The brief synopsis on Young is that she was a Covington & Burling staff attorney who sued the firm for racial discrimination. Covington has denied the charges at every point. The firm briefly got the suit tossed, but it was reinstated.
Young’s basic allegations remain the same:

Through its pattern and practice, Defendant, Covington & Burling LLP, systematically relegates its black attorneys to its lowest rung of practicing attorneys — the position of staff attorney. Firm policy bans the promotion of staff attorneys to the position of associate and, ultimately, to partner. This prohibition adversely impacts Defendant’s black attorneys by consigning the majority to earning less money, performing less challenging work, and enjoying less opportunity for professional growth than Defendant’s nonblack attorneys.
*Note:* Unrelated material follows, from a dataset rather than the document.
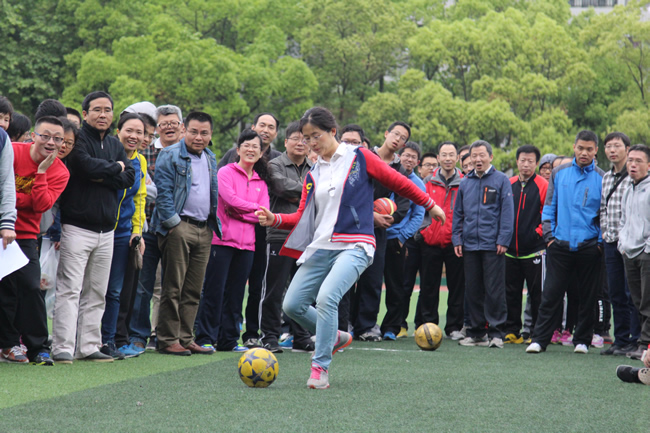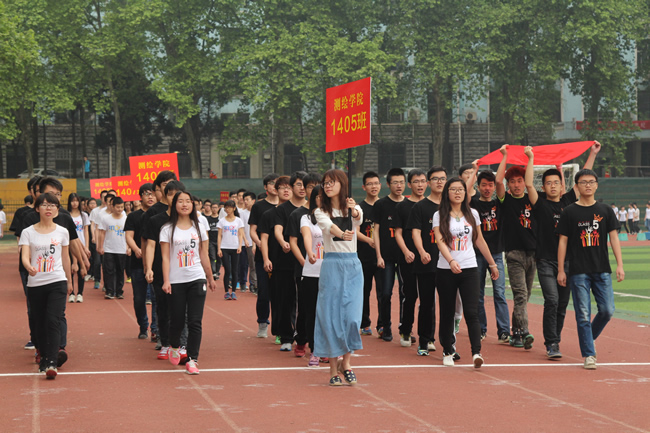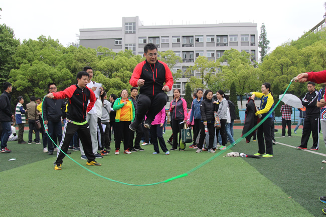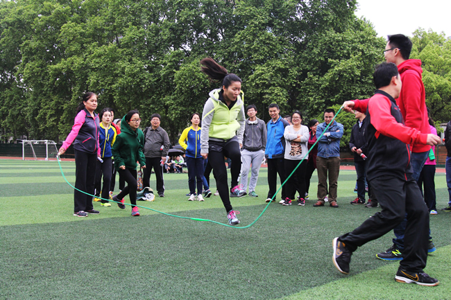 为增强此次运动会的参与性和趣味性,除了传统的比赛项目之外,还增设了许多团体趣味项目,如,拾贝、滚铁环、足球射门、篮球投篮、集体跳绳等。本科1405班、1505班、1506班、1507班集体表演了第九套广播体操。统一的服装,整齐的动作,尽显体操之美,更赢得了阵阵掌声。随后各类竞赛项目正式开始。全院师生热情高涨,踊跃参与,尽显火热的运动激情与和谐团结的学院氛围。下午4点左右,下起了小雨,在结束集体跳绳项目之后,运动会提前结束。虽然意犹未尽,但师生们都充分感受到了运动的魅力和快乐,并对明年的师生春季运动会满怀期待。

This time around, Young argues that black staff attorneys at Covington are more qualified than their white colleagues:

Young points out that while Covington uses a combination of law school grades, journal membership, and clerkship experience to determine the assignment of its attorneys, many of their partners — who decide how an attorney should be assigned — lack such credentials, but presumably are able to perform adequately at partner-level.
Young also asserts that black practicing attorneys, as a group, typically graduated from higher ranked law schools than their white colleagues and that, more often than their white counterparts, black staff attorneys attended law schools from which Covington’s partners, counsel, and associates graduated.

I think I know what is going on here. See, this is a revenge fantasy lawsuit. And Covington has been typecast in the role of Major King Kong.
After the jump, Young brings charts to back up her claims, and announces her full intentions exclusively to Above the Law.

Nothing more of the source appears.